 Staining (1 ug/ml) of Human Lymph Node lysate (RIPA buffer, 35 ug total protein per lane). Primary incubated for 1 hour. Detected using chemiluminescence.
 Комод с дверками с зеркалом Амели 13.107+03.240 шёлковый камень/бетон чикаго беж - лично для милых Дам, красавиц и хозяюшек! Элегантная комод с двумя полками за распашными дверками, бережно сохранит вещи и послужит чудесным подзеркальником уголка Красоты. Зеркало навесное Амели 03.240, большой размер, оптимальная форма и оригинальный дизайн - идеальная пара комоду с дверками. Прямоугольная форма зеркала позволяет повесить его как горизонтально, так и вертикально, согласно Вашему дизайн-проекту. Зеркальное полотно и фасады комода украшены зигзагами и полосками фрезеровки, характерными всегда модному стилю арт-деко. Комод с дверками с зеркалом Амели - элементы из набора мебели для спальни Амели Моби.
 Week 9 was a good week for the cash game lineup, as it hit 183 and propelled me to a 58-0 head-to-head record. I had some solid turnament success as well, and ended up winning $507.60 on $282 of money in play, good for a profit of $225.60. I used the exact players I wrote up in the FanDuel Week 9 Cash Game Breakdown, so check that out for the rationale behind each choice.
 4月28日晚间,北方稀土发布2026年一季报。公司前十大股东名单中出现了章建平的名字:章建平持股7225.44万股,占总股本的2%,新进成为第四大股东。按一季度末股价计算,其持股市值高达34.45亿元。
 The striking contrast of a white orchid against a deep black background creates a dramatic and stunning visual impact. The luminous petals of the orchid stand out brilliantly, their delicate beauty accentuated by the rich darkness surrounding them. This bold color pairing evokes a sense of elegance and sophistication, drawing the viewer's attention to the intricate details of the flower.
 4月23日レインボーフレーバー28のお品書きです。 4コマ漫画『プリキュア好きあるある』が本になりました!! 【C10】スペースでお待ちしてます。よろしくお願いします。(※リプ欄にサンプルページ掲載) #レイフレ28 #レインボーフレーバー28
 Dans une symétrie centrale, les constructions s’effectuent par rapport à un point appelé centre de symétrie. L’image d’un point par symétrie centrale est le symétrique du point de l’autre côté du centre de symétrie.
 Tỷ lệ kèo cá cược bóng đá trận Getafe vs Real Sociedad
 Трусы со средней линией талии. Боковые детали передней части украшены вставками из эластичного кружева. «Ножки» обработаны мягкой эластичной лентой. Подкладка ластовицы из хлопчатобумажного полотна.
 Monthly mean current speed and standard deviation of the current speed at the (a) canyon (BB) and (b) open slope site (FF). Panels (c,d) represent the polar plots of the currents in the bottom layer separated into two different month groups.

*Your assignment*.
Please print each entry once more, exactly as it reads.

*Response below*.
 Staining (1 ug/ml) of Human Lymph Node lysate (RIPA buffer, 35 ug total protein per lane). Primary incubated for 1 hour. Detected using chemiluminescence.
 Комод с дверками с зеркалом Амели 13.107+03.240 шёлковый камень/бетон чикаго беж - лично для милых Дам, красавиц и хозяюшек! Элегантная комод с двумя полками за распашными дверками, бережно сохранит вещи и послужит чудесным подзеркальником уголка Красоты. Зеркало навесное Амели 03.240, большой размер, оптимальная форма и оригинальный дизайн - идеальная пара комоду с дверками. Прямоугольная форма зеркала позволяет повесить его как горизонтально, так и вертикально, согласно Вашему дизайн-проекту. Зеркальное полотно и фасады комода украшены зигзагами и полосками фрезеровки, характерными всегда модному стилю арт-деко. Комод с дверками с зеркалом Амели - элементы из набора мебели для спальни Амели Моби.
 Week 9 was a good week for the cash game lineup, as it hit 183 and propelled me to a 58-0 head-to-head record. I had some solid turnament success as well, and ended up winning $507.60 on $282 of money in play, good for a profit of $225.60. I used the exact players I wrote up in the FanDuel Week 9 Cash Game Breakdown, so check that out for the rationale behind each choice.
 4月28日晚间,北方稀土发布2026年一季报。公司前十大股东名单中出现了章建平的名字:章建平持股7225.44万股,占总股本的2%,新进成为第四大股东。按一季度末股价计算,其持股市值高达34.45亿元。
 The striking contrast of a white orchid against a deep black background creates a dramatic and stunning visual impact. The luminous petals of the orchid stand out brilliantly, their delicate beauty accentuated by the rich darkness surrounding them. This bold color pairing evokes a sense of elegance and sophistication, drawing the viewer's attention to the intricate details of the flower.
 4月23日レインボーフレーバー28のお品書きです。 4コマ漫画『プリキュア好きあるある』が本になりました!! 【C10】スペースでお待ちしてます。よろしくお願いします。(※リプ欄にサンプルページ掲載) #レイフレ28 #レインボーフレーバー28
 Dans une symétrie centrale, les constructions s’effectuent par rapport à un point appelé centre de symétrie. L’image d’un point par symétrie centrale est le symétrique du point de l’autre côté du centre de symétrie.
 Tỷ lệ kèo cá cược bóng đá trận Getafe vs Real Sociedad
 Трусы со средней линией талии. Боковые детали передней части украшены вставками из эластичного кружева. «Ножки» обработаны мягкой эластичной лентой. Подкладка ластовицы из хлопчатобумажного полотна.
 Monthly mean current speed and standard deviation of the current speed at the (a) canyon (BB) and (b) open slope site (FF). Panels (c,d) represent the polar plots of the currents in the bottom layer separated into two different month groups.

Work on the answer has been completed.